Records contained in a dataset:
____

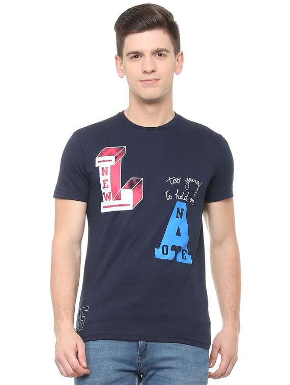 - » navy blue cotton chest print t-shirt
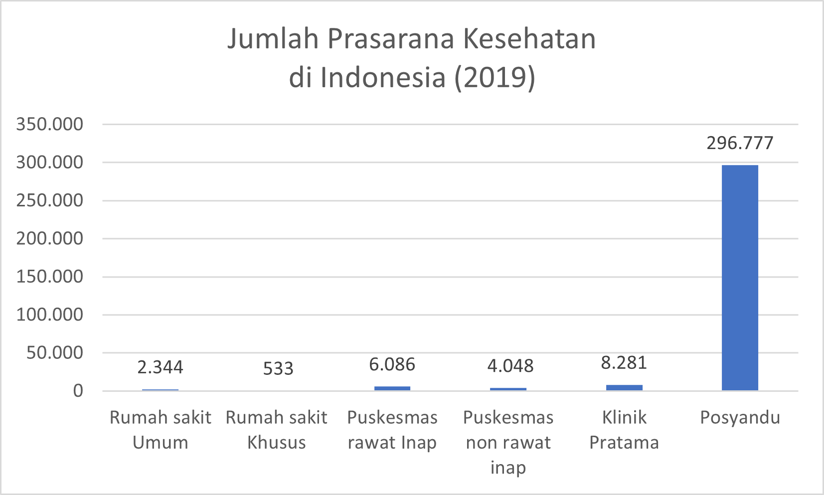 Dikutip dari Statistik Indonesia 2020 yang dikeluarkan oleh Badan Pusat Statistik (BPS), hingga tahun 2019 Indonesia memiliki dokter sebanyak 81.011 dan perawat sebanyak 345.508. Sedangkan untuk Rumah Sakit Umum sebanyak 2.344, Rumah Sakit Khusus sebanyak 533, Puskesmas rawat inap sebanyak 6.086, Puskesmas non rawat inap sebanyak 4.048, Klinik Pratama 8.281, dan Posyandu 296.777. Saat ini jumlah penduduk Indonesia berjumlah sekitar 271 juta.
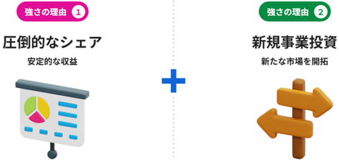 FANG+に含まれる銘柄がここまで強く米国を牽引してきたのは、圧倒的なシェアを構築し、そこで生まれた安定的な収益を新規事業に充て、新たな市場を開拓することを繰り返してきたからです。このサイクルにより今後も長期的な成長が期待されます。
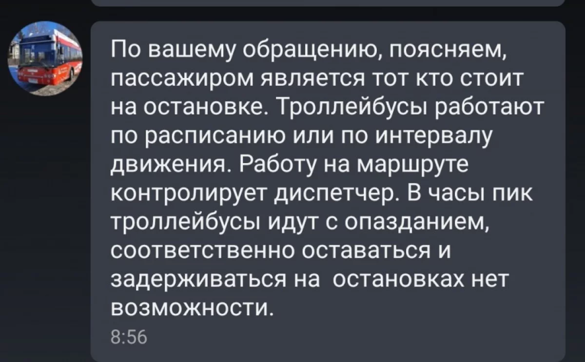 Официальный ответ представителей калужского троллейбуса на вопрос, почему транспорт на остановках стоит меньше минуты и людям ждущим когда им загорится зеленый сигнал светофора, приходится бежать на красный свет, чтоб успеть. А иначе троллейбус постоит 10 секунд и уедет.
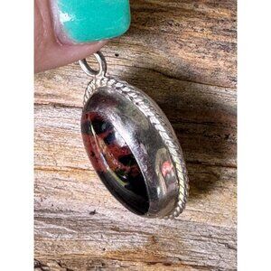 This exquisite sterling silver pendant features an oval-shaped onyx and red jasper gemstone cabochon encased in an intricately detailed silver frame. Its polished surface captures light beautifully, showcasing the natural contrast between the deep black onyx and earthy red jasper. A versatile and elegant accessory that seamlessly complements various styles.
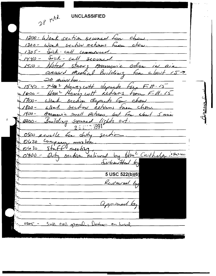 Document 49 f:/Week-37/BX303811/VARIOUS NAVAL MESSAGES FOLDER 4/various journal entries sick call 22 mar 91:0324971041562

____

TASK DIRECTIONS ->
Exact repeat, pictures omitted: give every line from the top of the records down to and including the line with "Официальный ответ представителей".

TASK ANSWER ->
 - » navy blue cotton chest print t-shirt
 Dikutip dari Statistik Indonesia 2020 yang dikeluarkan oleh Badan Pusat Statistik (BPS), hingga tahun 2019 Indonesia memiliki dokter sebanyak 81.011 dan perawat sebanyak 345.508. Sedangkan untuk Rumah Sakit Umum sebanyak 2.344, Rumah Sakit Khusus sebanyak 533, Puskesmas rawat inap sebanyak 6.086, Puskesmas non rawat inap sebanyak 4.048, Klinik Pratama 8.281, dan Posyandu 296.777. Saat ini jumlah penduduk Indonesia berjumlah sekitar 271 juta.
 FANG+に含まれる銘柄がここまで強く米国を牽引してきたのは、圧倒的なシェアを構築し、そこで生まれた安定的な収益を新規事業に充て、新たな市場を開拓することを繰り返してきたからです。このサイクルにより今後も長期的な成長が期待されます。
 Официальный ответ представителей калужского троллейбуса на вопрос, почему транспорт на остановках стоит меньше минуты и людям ждущим когда им загорится зеленый сигнал светофора, приходится бежать на красный свет, чтоб успеть. А иначе троллейбус постоит 10 секунд и уедет.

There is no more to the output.